** RAW DATA follows **
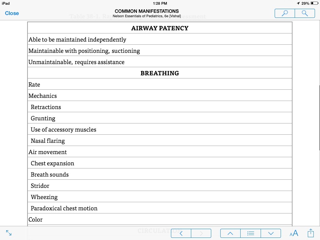 COMMON MANIFESTATIONS The physiologic responses to acute illness and injury are mechanisms that attempt to correct inadequacies of tissue oxygenation and perfusion. When initial changes, such as increasing heart and respiratory rates, fail to meet the body's needs, other manifestations of impending cardiopulmonary failure occur. Respiratory failure, the most common cause of acute deterioration in children, may result in inadequate tissue oxygenation and in respiratory acidosis. Signs and symptoms of respiratory failure (tachypnea, tachycardia, increased work of breathing, abnormal mentation) progress as tissue oxygenation becomes more inadequate.
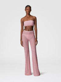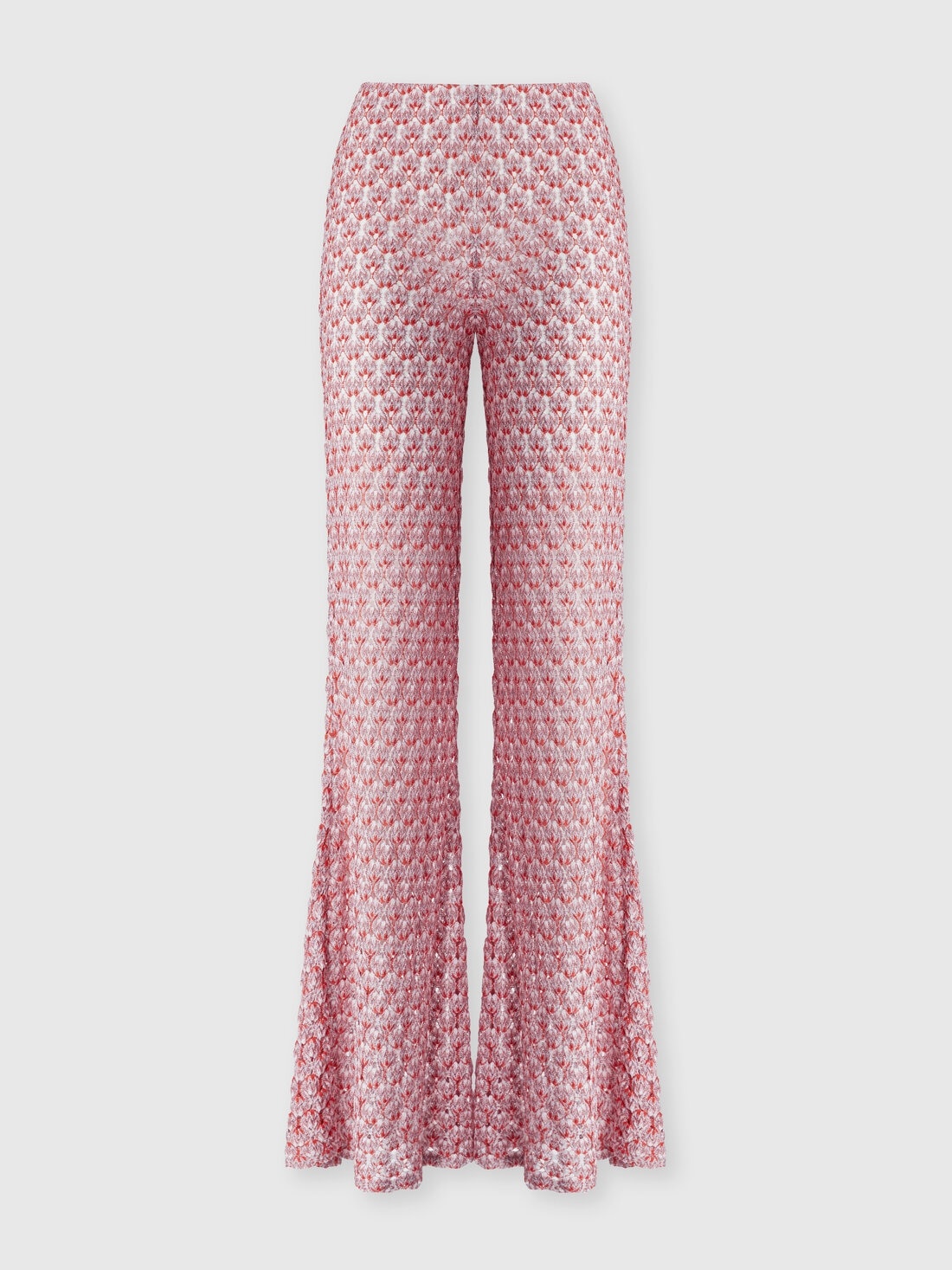A retro-chic piece with an elephant leg design that flatters the silhouette. Made from viscose and lame lace, it combines delicacy and originality for a sophisticated and feminine look. MORE DETAILS - Women's low-rise pants - Flared design - Viscose and lame lace workmanship Composition: EXTERNAL:90%Rayon, 10%Metal Fiber Care instructions: Ironing maximum temperature 110°C - without steam ; Dry cleaning in tetrachloroethene ; Do not tumble dry ; Do not wash ; Do not bleach Made in: Italy Product ID MC25SI00BR012TS416Y
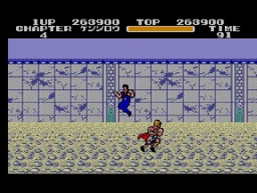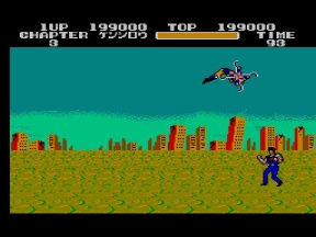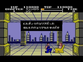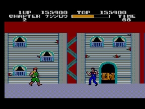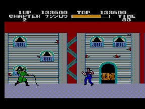 唐突に走ってくる怪しいオッサン発見!引ったくりかと思いきや、原作よりもサイズダウンされたウイグル獄長だった。ハードの性質上、中ボスは小さいのは仕方ないとこ。それでもマークⅢ版の歴史に残る再現度に変わりは無い。
** End of RAW DATA **
Return every line of the data above exactly, and omit all pictures.

- _RESULT_
 COMMON MANIFESTATIONS The physiologic responses to acute illness and injury are mechanisms that attempt to correct inadequacies of tissue oxygenation and perfusion. When initial changes, such as increasing heart and respiratory rates, fail to meet the body's needs, other manifestations of impending cardiopulmonary failure occur. Respiratory failure, the most common cause of acute deterioration in children, may result in inadequate tissue oxygenation and in respiratory acidosis. Signs and symptoms of respiratory failure (tachypnea, tachycardia, increased work of breathing, abnormal mentation) progress as tissue oxygenation becomes more inadequate.
A retro-chic piece with an elephant leg design that flatters the silhouette. Made from viscose and lame lace, it combines delicacy and originality for a sophisticated and feminine look. MORE DETAILS - Women's low-rise pants - Flared design - Viscose and lame lace workmanship Composition: EXTERNAL:90%Rayon, 10%Metal Fiber Care instructions: Ironing maximum temperature 110°C - without steam ; Dry cleaning in tetrachloroethene ; Do not tumble dry ; Do not wash ; Do not bleach Made in: Italy Product ID MC25SI00BR012TS416Y
 唐突に走ってくる怪しいオッサン発見!引ったくりかと思いきや、原作よりもサイズダウンされたウイグル獄長だった。ハードの性質上、中ボスは小さいのは仕方ないとこ。それでもマークⅢ版の歴史に残る再現度に変わりは無い。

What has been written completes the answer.